Может, Стювесант – это действительно так плохо, как ты говоришь; не школа, а Мория какая-нибудь, алтарь, воздвигнутый специально для заклания единственного чада моего. Иногда мне тоже так кажется. Но еще я думаю – остальное время, – что как раз какая-нибудь такая искупительная жертва и необходима. Джи ты не любишь, но это на нем и таких, как он, технологический мир наш только и держится. Как по-твоему, что выбрала бы римская матрона, если бы перед ней стоял выбор, на кого учить сына – на актера или на солдата? Это я, конечно, уж слишком, но ты ведь понимаешь, о чем речь. (Так?)”


Не факт, осознала она, что Рут поймет, о чем речь. Да и она не до конца была уверена, что речь именно о том.

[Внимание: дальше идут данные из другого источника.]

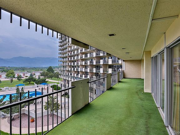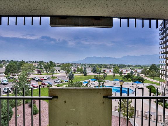 Don't miss this 2 bedroom 2 bathroom condo unit in centrally located Satellite Condos! Fourth floor location features vast views of Pikes Peak and the Front Range. Fully carpeted throughout. Enormous living room/dining room with floor-to-ceiling windows and huge balcony that extends the length of the condo! Bedrooms also have wall-to-wall windows featuring the mountains views. Complex features amenities such as, pool, fitness room, sauna, shops, on-site management office, lobby, meeting area, billiard room, library, restaurant, and more! Outdoor parking is included although a covered, deeded parking space is also available to purchase!

В самом начале Первой мировой войны, когда немцы наступали к Марне, а австрийцы с боями продвигались на север Польши, бывший школьный учитель тридцати четырех лет от роду, снимавший меблированные комнаты в Мюнхене, вчерне завершил первую редакцию книги, которой в 1919 году суждено было стать всегерманским бестселлером. Во введении он писал:

Мы цивилизованные люди, а не люди готики или рококо; мы должны считаться с жесткими и холодными фактами поздней жизни, параллелью которой являются не перикловские Афины, а Рим эпохи Цезаря. Для западноевропейского человека уже нечего ожидать великой живописи или музыки. Его архитектонические возможности вот уже сто лет как исчерпаны. Ему осталось только территориальное расширение. Но я не вижу вреда в том, что рассудительное и преисполненное неограниченных надежд поколение заблаговременно узнает, что часть этих надежд должна рушиться. Пусть это будут самые дорогие надежды; кто чего-нибудь стоит, тот сумеет преодолеть свое разочарование. Это не та гордость, которая отличала римлян. Я считаю это учение благодетельным для подрастающего поколения, ибо оно показывает, что возможно и, следовательно, необходимо и что не принадлежит к внутренним возможностям данной эпохи. Если под влиянием этой книги представители нового поколения займутся техникой вместо лирики, мореплаванием вместо живописи, политикой вместо теории познания – они совершат то, что соответствует моим желаниям, и ничего лучшего им пожелать нельзя.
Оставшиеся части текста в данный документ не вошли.